**Provided records**
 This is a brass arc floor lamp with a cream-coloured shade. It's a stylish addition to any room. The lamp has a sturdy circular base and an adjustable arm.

...

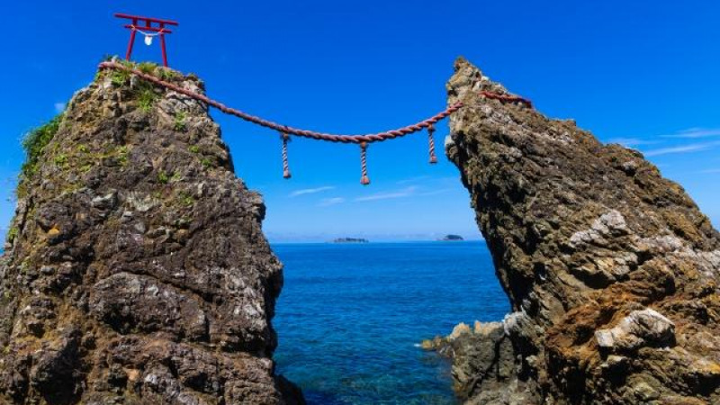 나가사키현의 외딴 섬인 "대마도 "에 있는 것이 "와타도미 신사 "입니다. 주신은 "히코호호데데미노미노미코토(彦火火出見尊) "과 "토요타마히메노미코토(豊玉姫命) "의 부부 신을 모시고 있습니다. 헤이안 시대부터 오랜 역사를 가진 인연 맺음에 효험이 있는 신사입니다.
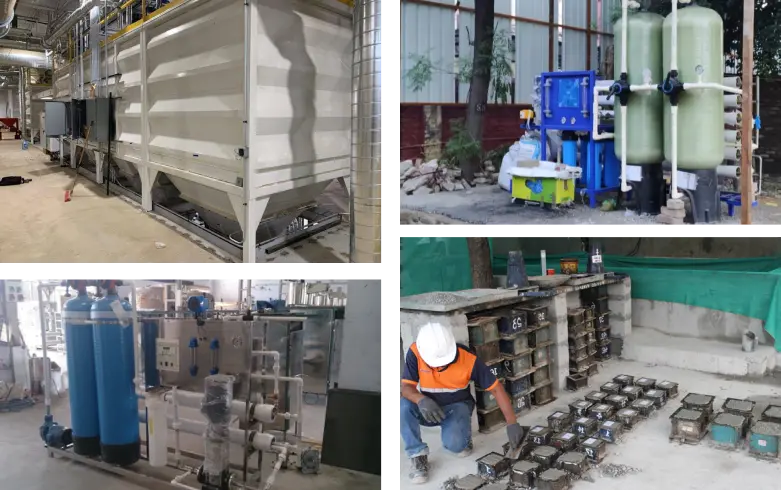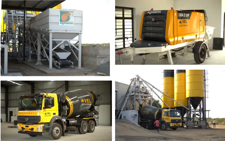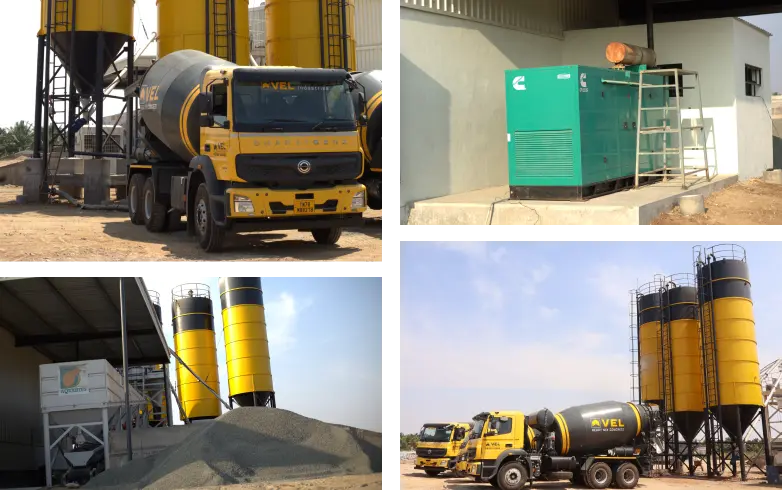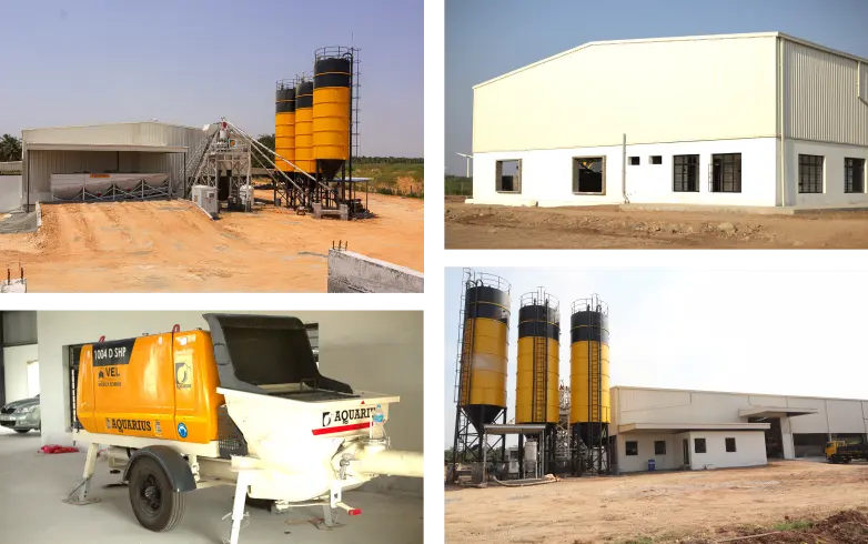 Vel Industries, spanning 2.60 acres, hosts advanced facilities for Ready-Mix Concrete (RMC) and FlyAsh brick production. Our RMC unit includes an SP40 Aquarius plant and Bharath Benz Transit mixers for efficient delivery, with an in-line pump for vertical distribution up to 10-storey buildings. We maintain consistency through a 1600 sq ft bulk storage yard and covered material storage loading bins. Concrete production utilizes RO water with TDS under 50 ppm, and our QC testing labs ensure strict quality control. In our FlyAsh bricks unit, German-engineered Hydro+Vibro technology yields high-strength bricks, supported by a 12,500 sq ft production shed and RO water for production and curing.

==

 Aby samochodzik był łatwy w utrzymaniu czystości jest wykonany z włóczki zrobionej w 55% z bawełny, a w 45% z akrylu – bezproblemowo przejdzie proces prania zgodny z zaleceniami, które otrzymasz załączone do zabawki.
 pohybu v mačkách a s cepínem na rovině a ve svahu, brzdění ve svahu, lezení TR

**What you have to do**
Write back the stretch of lines above that begins with the line holding "나가사키현의 외딴 섬인" and ends with the line holding "Vel Industries, spanning", both included, exactly as written. Pictures stay out.

**Your solution**
 나가사키현의 외딴 섬인 "대마도 "에 있는 것이 "와타도미 신사 "입니다. 주신은 "히코호호데데미노미노미코토(彦火火出見尊) "과 "토요타마히메노미코토(豊玉姫命) "의 부부 신을 모시고 있습니다. 헤이안 시대부터 오랜 역사를 가진 인연 맺음에 효험이 있는 신사입니다.
 Vel Industries, spanning 2.60 acres, hosts advanced facilities for Ready-Mix Concrete (RMC) and FlyAsh brick production. Our RMC unit includes an SP40 Aquarius plant and Bharath Benz Transit mixers for efficient delivery, with an in-line pump for vertical distribution up to 10-storey buildings. We maintain consistency through a 1600 sq ft bulk storage yard and covered material storage loading bins. Concrete production utilizes RO water with TDS under 50 ppm, and our QC testing labs ensure strict quality control. In our FlyAsh bricks unit, German-engineered Hydro+Vibro technology yields high-strength bricks, supported by a 12,500 sq ft production shed and RO water for production and curing.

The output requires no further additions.